Instructions to follow
Retype the data exactly, skipping any picture in it.

(Provided data)

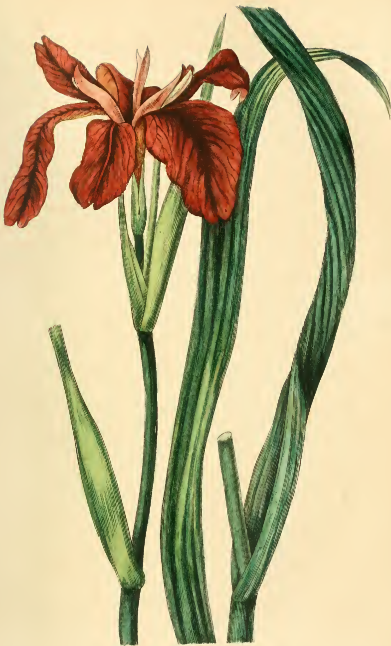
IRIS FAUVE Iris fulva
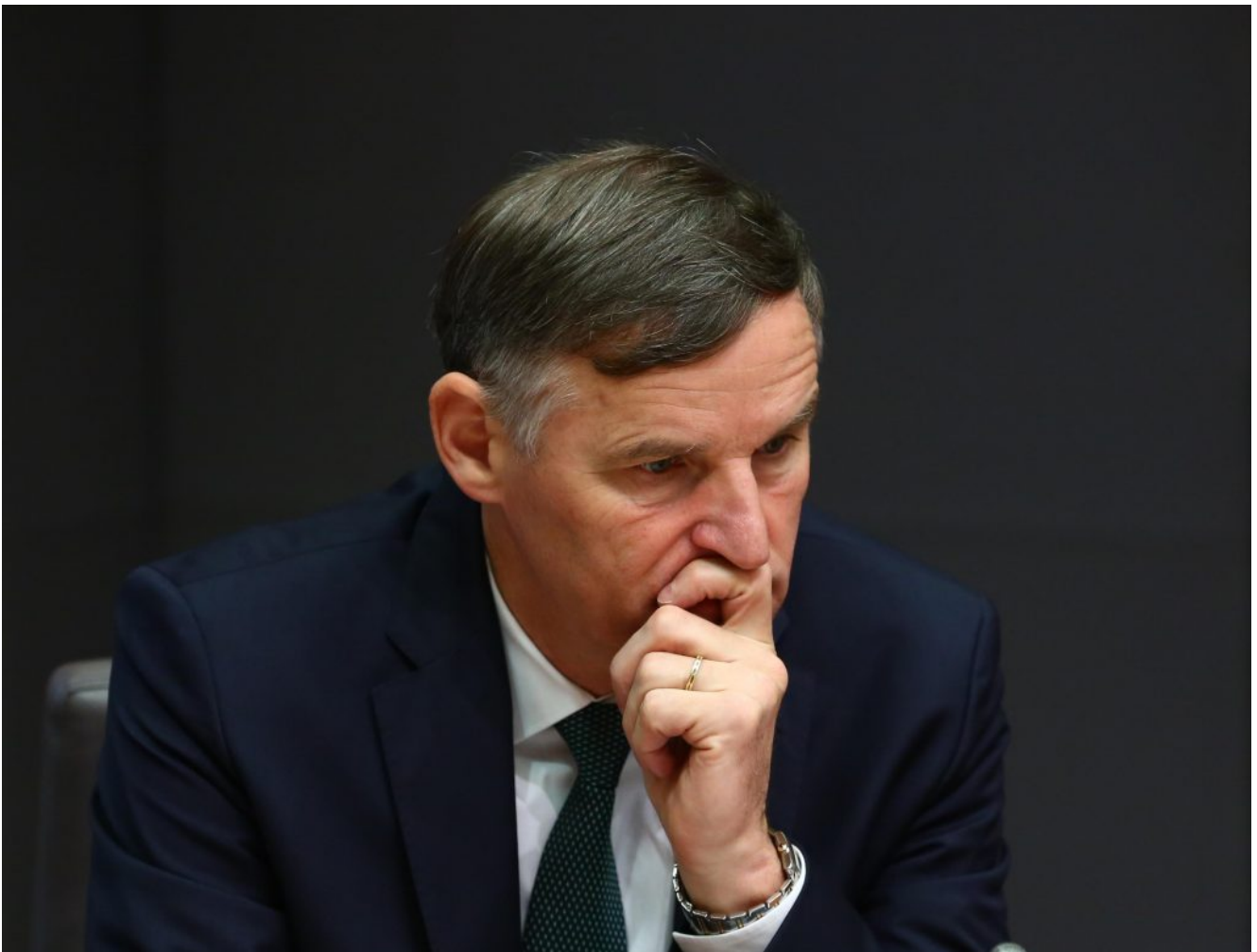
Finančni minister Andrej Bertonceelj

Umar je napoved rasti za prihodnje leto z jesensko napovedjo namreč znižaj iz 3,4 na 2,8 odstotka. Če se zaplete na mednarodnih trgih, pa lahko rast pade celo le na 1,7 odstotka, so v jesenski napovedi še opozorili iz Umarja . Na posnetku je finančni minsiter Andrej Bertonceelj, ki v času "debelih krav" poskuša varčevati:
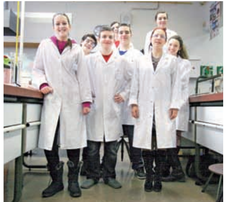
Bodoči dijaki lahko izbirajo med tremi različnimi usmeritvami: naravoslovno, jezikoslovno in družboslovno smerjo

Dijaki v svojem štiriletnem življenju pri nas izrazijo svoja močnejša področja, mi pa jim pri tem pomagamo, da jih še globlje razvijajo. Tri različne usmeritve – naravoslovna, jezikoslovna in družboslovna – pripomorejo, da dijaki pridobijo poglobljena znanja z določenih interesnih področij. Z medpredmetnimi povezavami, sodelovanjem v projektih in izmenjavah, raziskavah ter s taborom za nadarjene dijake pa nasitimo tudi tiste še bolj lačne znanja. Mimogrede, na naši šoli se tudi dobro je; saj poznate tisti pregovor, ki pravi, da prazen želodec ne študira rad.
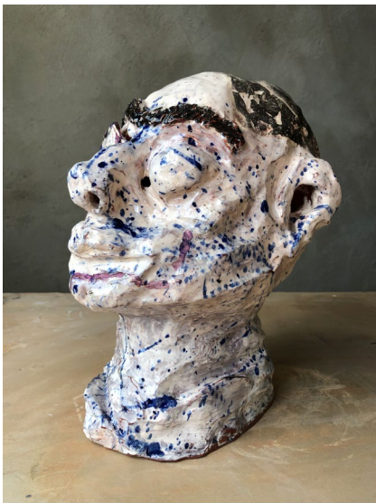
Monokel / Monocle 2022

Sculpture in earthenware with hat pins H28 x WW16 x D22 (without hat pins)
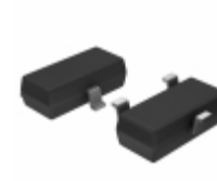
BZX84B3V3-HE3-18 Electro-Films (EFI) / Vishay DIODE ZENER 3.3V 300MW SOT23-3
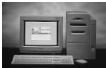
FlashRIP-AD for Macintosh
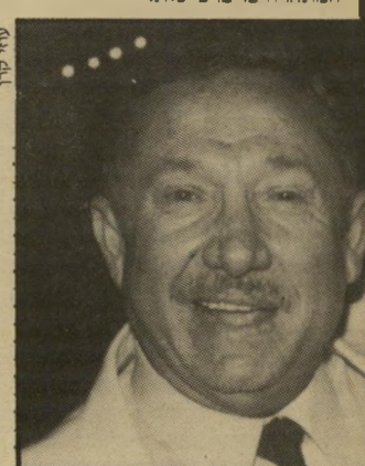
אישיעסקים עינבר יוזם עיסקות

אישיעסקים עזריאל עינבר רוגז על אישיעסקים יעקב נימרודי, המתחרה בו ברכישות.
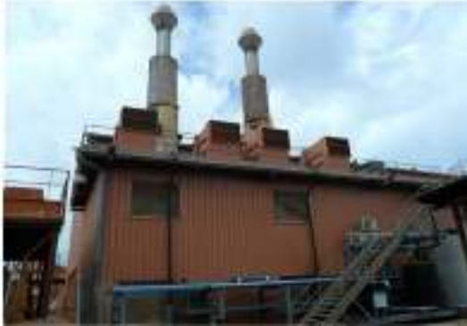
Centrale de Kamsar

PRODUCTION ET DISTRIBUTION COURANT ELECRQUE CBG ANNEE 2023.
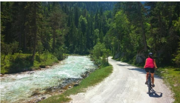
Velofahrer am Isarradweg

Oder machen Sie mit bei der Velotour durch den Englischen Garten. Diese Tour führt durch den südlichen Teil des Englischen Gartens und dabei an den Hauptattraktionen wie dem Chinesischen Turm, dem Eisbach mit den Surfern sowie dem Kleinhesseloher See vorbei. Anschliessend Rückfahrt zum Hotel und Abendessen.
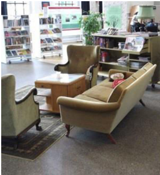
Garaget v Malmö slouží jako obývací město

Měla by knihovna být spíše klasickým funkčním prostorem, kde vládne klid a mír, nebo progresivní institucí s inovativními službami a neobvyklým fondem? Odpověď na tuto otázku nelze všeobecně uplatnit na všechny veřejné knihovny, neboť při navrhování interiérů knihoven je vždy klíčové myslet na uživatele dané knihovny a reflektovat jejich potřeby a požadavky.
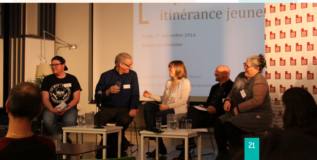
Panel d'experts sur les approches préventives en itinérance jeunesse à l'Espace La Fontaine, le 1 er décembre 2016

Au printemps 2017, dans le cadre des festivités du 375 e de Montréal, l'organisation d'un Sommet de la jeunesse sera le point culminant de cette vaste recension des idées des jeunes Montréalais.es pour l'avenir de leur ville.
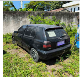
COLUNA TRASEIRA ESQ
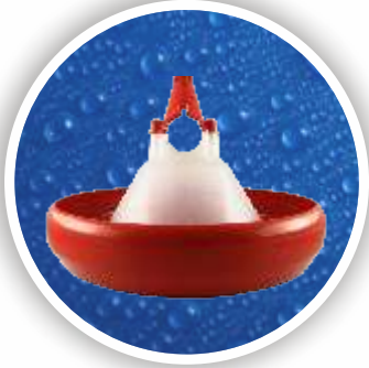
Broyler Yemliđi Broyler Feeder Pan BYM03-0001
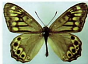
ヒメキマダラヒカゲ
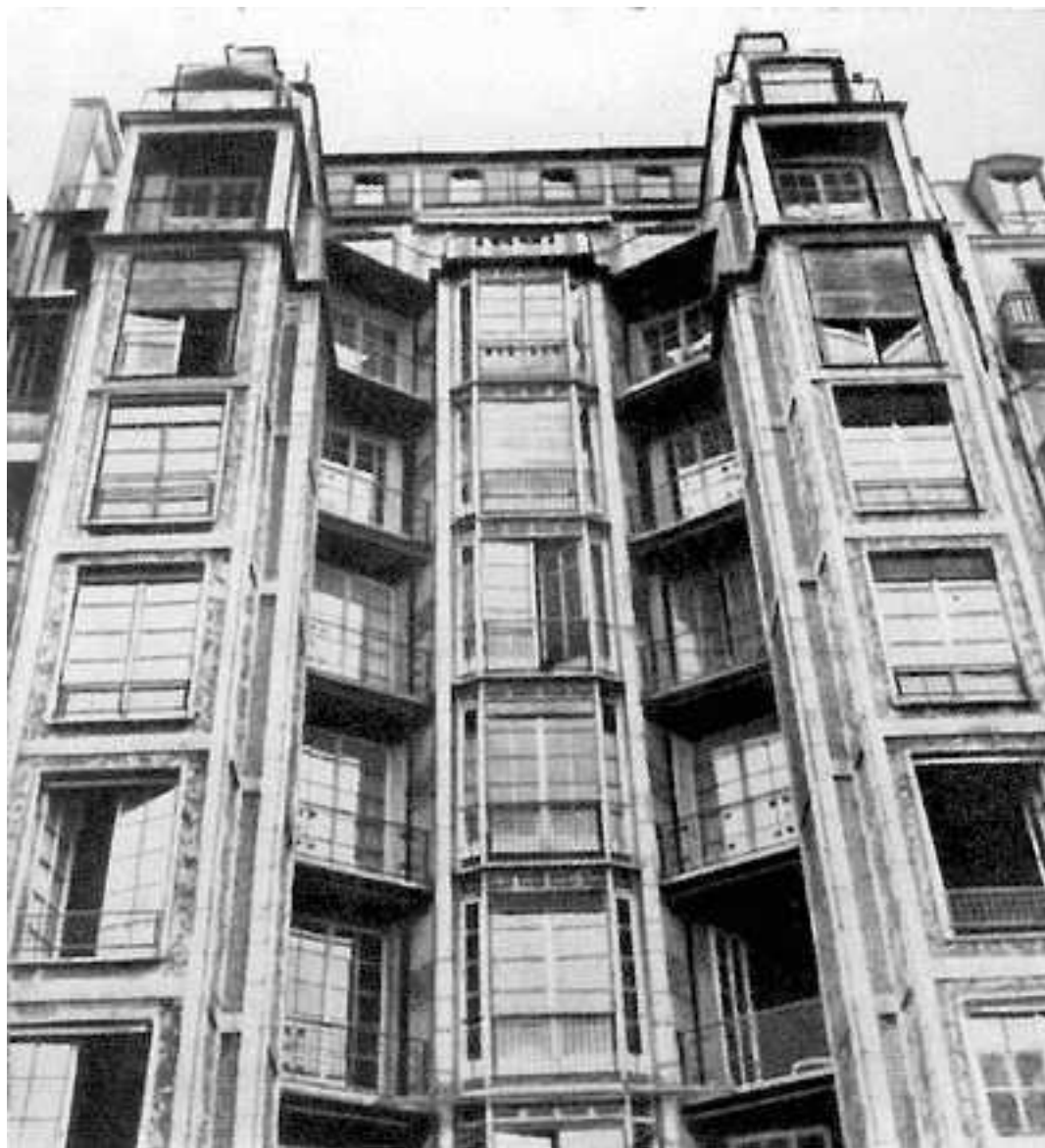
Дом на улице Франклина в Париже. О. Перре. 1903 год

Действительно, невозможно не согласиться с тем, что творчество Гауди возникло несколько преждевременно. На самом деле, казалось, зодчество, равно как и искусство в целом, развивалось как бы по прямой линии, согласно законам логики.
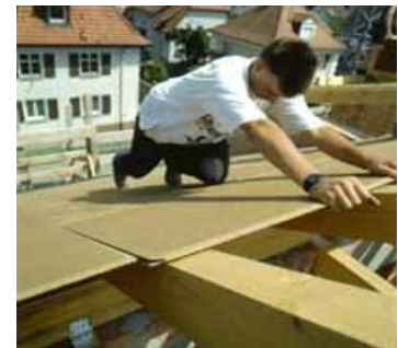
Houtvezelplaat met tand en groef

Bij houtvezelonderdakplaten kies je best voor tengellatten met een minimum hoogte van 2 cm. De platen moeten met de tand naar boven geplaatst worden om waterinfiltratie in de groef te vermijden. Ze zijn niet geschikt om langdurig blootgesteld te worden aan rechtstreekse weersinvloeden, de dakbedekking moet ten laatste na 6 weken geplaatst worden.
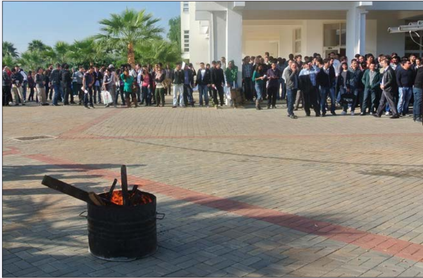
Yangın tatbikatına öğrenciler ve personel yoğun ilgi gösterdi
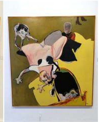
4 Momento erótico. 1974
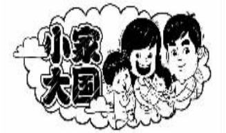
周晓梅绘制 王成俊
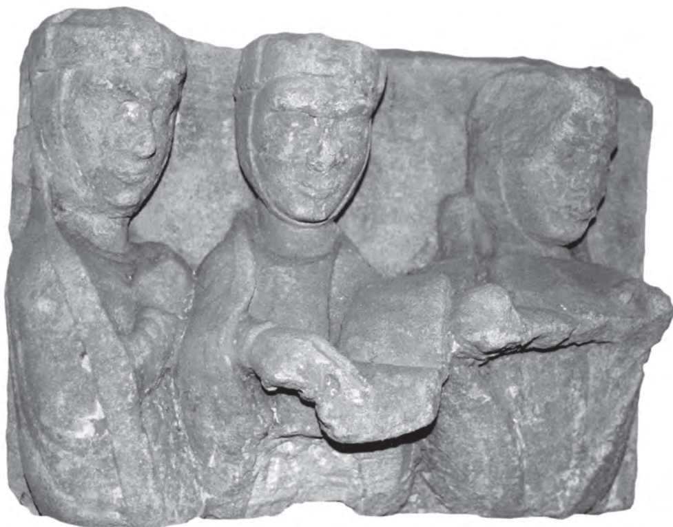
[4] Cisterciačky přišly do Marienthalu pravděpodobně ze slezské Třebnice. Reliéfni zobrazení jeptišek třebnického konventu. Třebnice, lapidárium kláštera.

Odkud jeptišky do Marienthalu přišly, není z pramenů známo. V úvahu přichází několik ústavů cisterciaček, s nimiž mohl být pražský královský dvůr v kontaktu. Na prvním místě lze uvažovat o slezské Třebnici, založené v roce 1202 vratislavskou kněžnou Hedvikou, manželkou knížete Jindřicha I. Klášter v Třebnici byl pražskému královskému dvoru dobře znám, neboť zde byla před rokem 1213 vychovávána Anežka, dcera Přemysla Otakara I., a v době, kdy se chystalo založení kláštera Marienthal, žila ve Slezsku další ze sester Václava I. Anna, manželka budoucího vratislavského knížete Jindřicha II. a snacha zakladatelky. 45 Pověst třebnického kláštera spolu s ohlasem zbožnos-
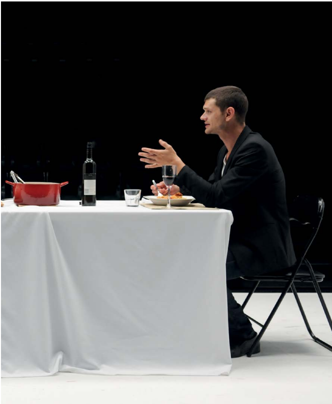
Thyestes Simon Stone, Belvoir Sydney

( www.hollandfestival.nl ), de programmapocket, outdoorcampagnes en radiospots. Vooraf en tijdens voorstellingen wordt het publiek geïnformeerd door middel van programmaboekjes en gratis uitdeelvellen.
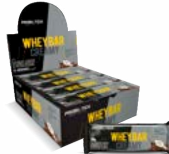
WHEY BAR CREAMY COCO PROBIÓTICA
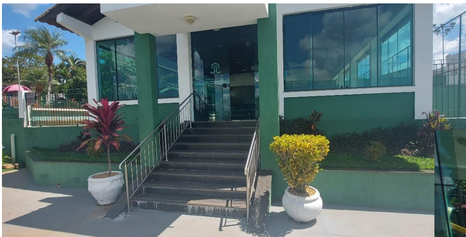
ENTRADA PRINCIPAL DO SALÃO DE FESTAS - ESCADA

(End Provided data)

Answer to this problem
IRIS FAUVE Iris fulva
Finančni minister Andrej Bertonceelj

Umar je napoved rasti za prihodnje leto z jesensko napovedjo namreč znižaj iz 3,4 na 2,8 odstotka. Če se zaplete na mednarodnih trgih, pa lahko rast pade celo le na 1,7 odstotka, so v jesenski napovedi še opozorili iz Umarja . Na posnetku je finančni minsiter Andrej Bertonceelj, ki v času "debelih krav" poskuša varčevati:
Bodoči dijaki lahko izbirajo med tremi različnimi usmeritvami: naravoslovno, jezikoslovno in družboslovno smerjo

Dijaki v svojem štiriletnem življenju pri nas izrazijo svoja močnejša področja, mi pa jim pri tem pomagamo, da jih še globlje razvijajo. Tri različne usmeritve – naravoslovna, jezikoslovna in družboslovna – pripomorejo, da dijaki pridobijo poglobljena znanja z določenih interesnih področij. Z medpredmetnimi povezavami, sodelovanjem v projektih in izmenjavah, raziskavah ter s taborom za nadarjene dijake pa nasitimo tudi tiste še bolj lačne znanja. Mimogrede, na naši šoli se tudi dobro je; saj poznate tisti pregovor, ki pravi, da prazen želodec ne študira rad.
Monokel / Monocle 2022

Sculpture in earthenware with hat pins H28 x WW16 x D22 (without hat pins)
BZX84B3V3-HE3-18 Electro-Films (EFI) / Vishay DIODE ZENER 3.3V 300MW SOT23-3
FlashRIP-AD for Macintosh
אישיעסקים עינבר יוזם עיסקות

אישיעסקים עזריאל עינבר רוגז על אישיעסקים יעקב נימרודי, המתחרה בו ברכישות.
Centrale de Kamsar

PRODUCTION ET DISTRIBUTION COURANT ELECRQUE CBG ANNEE 2023.
Velofahrer am Isarradweg

Oder machen Sie mit bei der Velotour durch den Englischen Garten. Diese Tour führt durch den südlichen Teil des Englischen Gartens und dabei an den Hauptattraktionen wie dem Chinesischen Turm, dem Eisbach mit den Surfern sowie dem Kleinhesseloher See vorbei. Anschliessend Rückfahrt zum Hotel und Abendessen.
Garaget v Malmö slouží jako obývací město

Měla by knihovna být spíše klasickým funkčním prostorem, kde vládne klid a mír, nebo progresivní institucí s inovativními službami a neobvyklým fondem? Odpověď na tuto otázku nelze všeobecně uplatnit na všechny veřejné knihovny, neboť při navrhování interiérů knihoven je vždy klíčové myslet na uživatele dané knihovny a reflektovat jejich potřeby a požadavky.
Panel d'experts sur les approches préventives en itinérance jeunesse à l'Espace La Fontaine, le 1 er décembre 2016

Au printemps 2017, dans le cadre des festivités du 375 e de Montréal, l'organisation d'un Sommet de la jeunesse sera le point culminant de cette vaste recension des idées des jeunes Montréalais.es pour l'avenir de leur ville.
COLUNA TRASEIRA ESQ
Broyler Yemliđi Broyler Feeder Pan BYM03-0001
ヒメキマダラヒカゲ
Дом на улице Франклина в Париже. О. Перре. 1903 год

Действительно, невозможно не согласиться с тем, что творчество Гауди возникло несколько преждевременно. На самом деле, казалось, зодчество, равно как и искусство в целом, развивалось как бы по прямой линии, согласно законам логики.
Houtvezelplaat met tand en groef

Bij houtvezelonderdakplaten kies je best voor tengellatten met een minimum hoogte van 2 cm. De platen moeten met de tand naar boven geplaatst worden om waterinfiltratie in de groef te vermijden. Ze zijn niet geschikt om langdurig blootgesteld te worden aan rechtstreekse weersinvloeden, de dakbedekking moet ten laatste na 6 weken geplaatst worden.
Yangın tatbikatına öğrenciler ve personel yoğun ilgi gösterdi
4 Momento erótico. 1974
周晓梅绘制 王成俊
[4] Cisterciačky přišly do Marienthalu pravděpodobně ze slezské Třebnice. Reliéfni zobrazení jeptišek třebnického konventu. Třebnice, lapidárium kláštera.

Odkud jeptišky do Marienthalu přišly, není z pramenů známo. V úvahu přichází několik ústavů cisterciaček, s nimiž mohl být pražský královský dvůr v kontaktu. Na prvním místě lze uvažovat o slezské Třebnici, založené v roce 1202 vratislavskou kněžnou Hedvikou, manželkou knížete Jindřicha I. Klášter v Třebnici byl pražskému královskému dvoru dobře znám, neboť zde byla před rokem 1213 vychovávána Anežka, dcera Přemysla Otakara I., a v době, kdy se chystalo založení kláštera Marienthal, žila ve Slezsku další ze sester Václava I. Anna, manželka budoucího vratislavského knížete Jindřicha II. a snacha zakladatelky. 45 Pověst třebnického kláštera spolu s ohlasem zbožnos-
Thyestes Simon Stone, Belvoir Sydney

( www.hollandfestival.nl ), de programmapocket, outdoorcampagnes en radiospots. Vooraf en tijdens voorstellingen wordt het publiek geïnformeerd door middel van programmaboekjes en gratis uitdeelvellen.
WHEY BAR CREAMY COCO PROBIÓTICA
ENTRADA PRINCIPAL DO SALÃO DE FESTAS - ESCADA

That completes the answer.